# Help needed to find the flow potential function

1. Nov 30, 2007

### Hells_Kitchen

Here is the catch:

We are given a 2-D velocity flow incompressible, irrotational of the form:

--> ^ ^ ^ ^
V = u i + v j = [4y -x(1+x)] i + y(2x+1) j

and we are asked to find the flow potential which obeys the Laplace Eq. for 2-D incompressible, irrotational flow: dΦ = u dx + v dy

in other words:

∂Φ
---- = u
∂x

∂Φ
---- = v
∂y

I integrated the first one and then the second one and compared the two functions and combined the terms, but at the end the Φ does not satisfy the first equation only the second one.

Another technique, I integrated the first function with respect to x and Φ is expressed as 4xy - x^2/2 - x^3/3 + f(y) = Φ (x,y)

now I differentiate with respect to y and equate it to v:

4x - f'(y) = y(2x+1) which solves to f(y) = xy^2 + y^2/2 -4xy + C

Plug it in the above expression and get:

Φ (x,y) = xy^2 + y^2/2 - x^2/2 - x^3/3 + C

now the first partial diff. eq is not satisfied but the first is.

Can someone explain what is wrong here?

2. Nov 30, 2007

### HallsofIvy

Staff Emeritus
What reason do you have to thinks such a potential exists?

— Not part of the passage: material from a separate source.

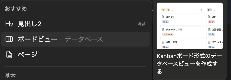 その他にも【優先度別】など用意したプロパティ毎に〇〇別のボードビューを作成することができるため、ニーズに応じて様々な見せ方ができることがボードビューの強みだと思いました。

If there exist $\phi$ such that $d\phi = udx+ vdy$ (as long as u and v are differentiable) then it must be true that the mixed derivatives are equal:
$$\frac{\partial^2 \phi}{\partial x \partial y}= \frac{\partial u}{\partial y}= \frac{\partial v}{\partial x}= \frac{\partial^2 \phi}{\partial y\partial x}$$
Here it is clear that that is not true: $(4y -x(1+x))_y= 4 \ne (y(2x+1))_x= 2y$. This is not an "exact differential" and there is no "flow potential".